OmicsBox 3.4: CellKB’s Advanced Cell-Type Annotation

Improved Metagenomics Classification, and Enhanced Long-Read Transcriptomics Pipelines


We proudly present the OmicsBox Version 3.4 release that introduces a range of enhancements designed to address the evolving needs of modern genomics and transcriptomics research.

A key highlight of OmicsBox 3.4 is the integration of CellKB, a robust cell-type prediction tool for single-cell RNA sequencing (scRNA-Seq) analysis. CellKB streamlines scRNA-Seq annotation by simultaneously leveraging multiple references, enabling cross-species annotation, and offering continuous updates without requiring researchers to curate their references. This approach simplifies single-cell data annotation, addressing key challenges like reference selection while ensuring high accuracy.

To learn more about this new feature, attend our webinar on February 13 with Dr. Ashwini Patel and Marta Benegas, “ Advanced Multi-Reference Cell Type Prediction with CellKb in OmicsBox”

Dr. Stefan Götz, CEO of BioBam, commented:

“The OmicsBox version we are presenting this year in San Diego introduces significant advancements in single-cell and long-read transcriptomics and expanded microbiome analysis capabilities. With these developments, we aim to support our users in addressing these challenging research areas.”

OmicsBox 3.4 also introduces major improvements, including a taxonomic classification for metagenomics using Silva, Greengenes, and GTDB databases, a redesigned PacBio IsoSeq pipeline, and new tools for combining transcriptomes with TAMA Merge in long-read transcriptomics.
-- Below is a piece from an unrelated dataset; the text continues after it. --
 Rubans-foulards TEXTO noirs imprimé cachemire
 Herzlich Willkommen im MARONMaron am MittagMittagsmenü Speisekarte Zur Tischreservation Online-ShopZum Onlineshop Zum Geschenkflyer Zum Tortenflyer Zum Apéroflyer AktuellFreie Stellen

Below is a detailed list of the new features and improvements included in this release:

Functional Analysis

  • New Kegg and Reactome Pathway Browser
  • Improved Combined Pathway Viewer with Sticky Tooltips
  • Improved Pathway Export Options via Context Menu and Side Panel
  • Improved Options for the ORF Finder Tool
  • Update of Diamond Blast DataBase

Metagenomics

  • New PCoA Configuration Options
  • New Kraken Databases: UNITE Fungi and MiDAS 5
  • Update of Kraken RefSeq Database

Transcriptomics

  • New Experimental Design Export Option for Differential Expression Results

General

  • Fixed Display Scaling Issue in Windows 10/11
  • Fixed Issue with Dark Mode in the MacOS

About OmicsBox:

OmicsBox is a leading bioinformatics software platform designed for end-to-end analysis of genomes, transcriptomes, and metagenomes. This user-friendly desktop application is efficient and powerful, enabling researchers to uncover valuable biological insights from complex omics data.
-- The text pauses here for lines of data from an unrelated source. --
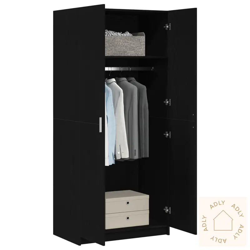 Farge: SvartForm: RektangulærMateriale: Konstruert treFinish: MattInnen-/utenfor: Kun innendørsAntall dører: 2Deksel inkludert: NeiRom: SoveromMontering inkludert: NeiDimensjoner: 80 x 50.5 x 180 cm (L x B x H)Overflatehøyde: 1.0 cmVekt: 26.8 kgGynge: NeiMerke:Levering inneholder: 1 garderobeMontering kreves: JaAnbefalt antall personer for montering: 2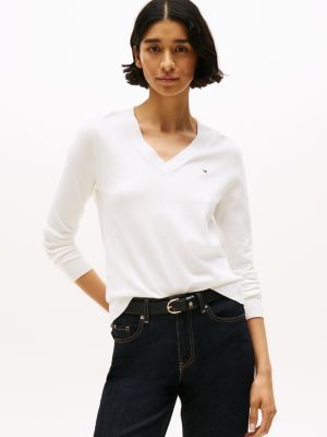 Woven from premium combed cotton jersey to a compact texture, this jumper combines gentle softness with a durable structure. The regular fit and V-shaped neckline create an easy, flattering drape that works equally well worn loose or tucked into trousers and skirts. It's finished with rib-knit trims, while stylish stitch detailing at the cuffs introduces a further hint of polish. An adaptable layering piece, it's perfect for guiding your wardrobe through the changing seasons or transporting you seamlessly from the formality of the office to your relaxed weekend plans.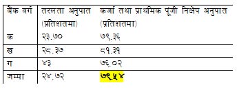 बैंक वर्ग तरलता अनुपात (प्रतिशतमा) कर्जा तथा प्राथमिक पूंजी निक्षेप अनुपात (प्रतिशतमा)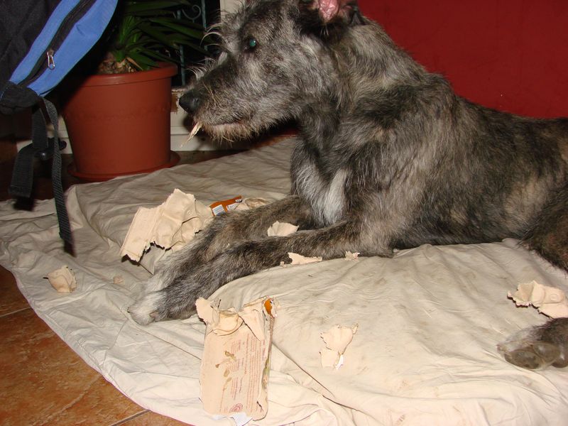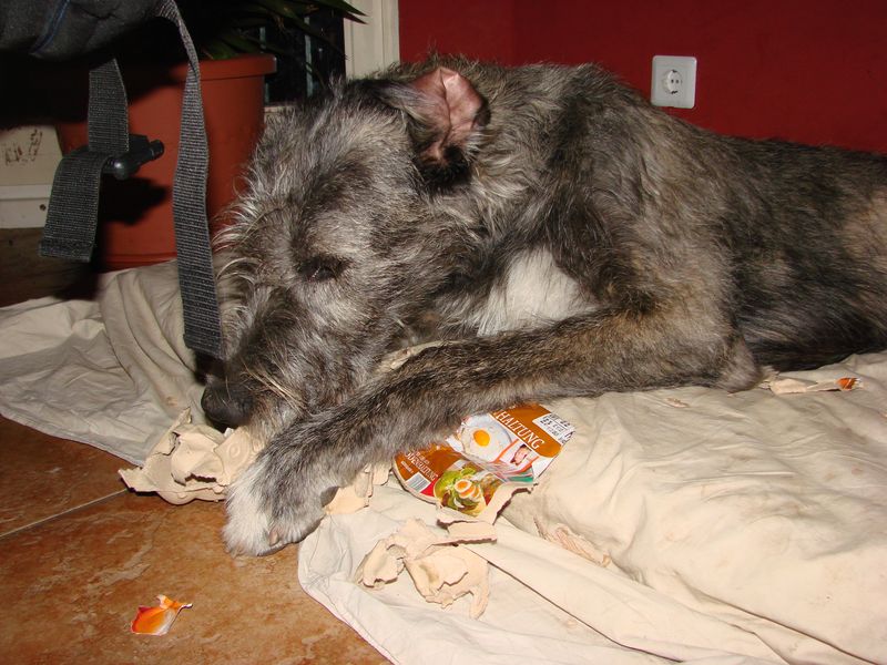 Dabei ist mir nicht bewusst das ich etwas falsch gemacht hätte. Wenn mir langweilig ist muss ich mich doch beschäftigen. Meine Frauchens sitzen nämlich oft stundenlang zusammen und labern über uns Hunde. Mir ist das total zu öde, also... beschäftige ich mich. Beim letzten mal fand ich den vollen Papierkorb. Mann das war ein Spaß. Hin und her, je kleiner desto besser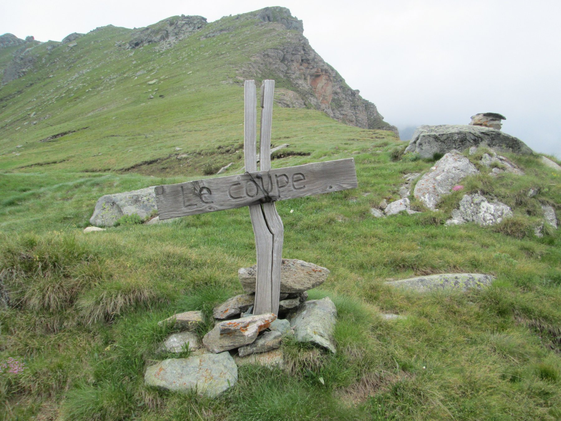 Dal parcheggio si prosegue lungo la strada sterrata oltrepassando l’alpeggio le Combe e il gruppetto di case, si percorrono due tornanti ed al secondo sulla sinistra si stacca il sentiero ben segnalato per il Colle delle Coupe (è anche possibile salire più rapidamente per i prati che precedono l’Alpe le Combe in direzione Ovest, intercettando il sentiero più in alto). Il sentiero prosegue in dolce ascesa verso sinistra, nel bosco per poi uscire su terreno erboso. Raggiunta la base di un pendio di pini si inizia a salire con numerosi tornanti, fino a raggiungere una spalla erbosa, dalla quale si inizia a spostarsi verso sinistra in direzione del Colle delle Coupe (la caserma è ben visibile da lontano), alternando traversi a serpentine. Si incontra e si tralascia la poco marcata deviazione per il sentiero Balcone che permette di raggiungere Balmafol restando in quota, e infine si giunge al Colle delle Coupe 2345 m.
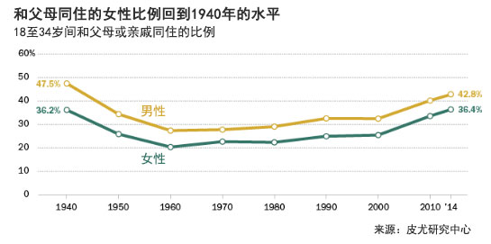 1940年,18-34岁的女性中,有36.2%和父母或其他亲戚住在一起。而皮尤研究中心周三发布的一份报告显示,2014年美国年轻女性和家人同住的比例为36.4%,创下二战以来的最高纪录。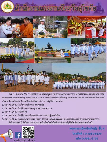 จังหวัดสุโขทัย จัดงานรัฐพิธี วันพ่อขุนรามคำแหงมหาราช เพื่อเฉลิมพระเกียรติและน้อมรำลึกพระมหากรุณาธิคุณของพ่อขุนรามคำแหงมหาราช ณ พระบรมราชานุสาวรีย์พ่อขุนรามคำแหงมหาราช อุทยานประวัติศาสตร์สุโขทัย

Trusted by top private and public research institutions worldwide, OmicsBox simplifies the processing of large datasets, streamlining the analysis workflow. Its modular structure provides tailored tools and functions for diverse analyses, including de novo genome assembly, genetic variation analysis, differential expression analysis, and taxonomic classification of microbiome data. OmicsBox also supports functional interpretation and offers rich data visualization capabilities.

The functional analysis module, featuring the renowned Blast2GO annotation methodology, is particularly well-suited for non-model organism research—a fact supported by over 15,000 scientific citations.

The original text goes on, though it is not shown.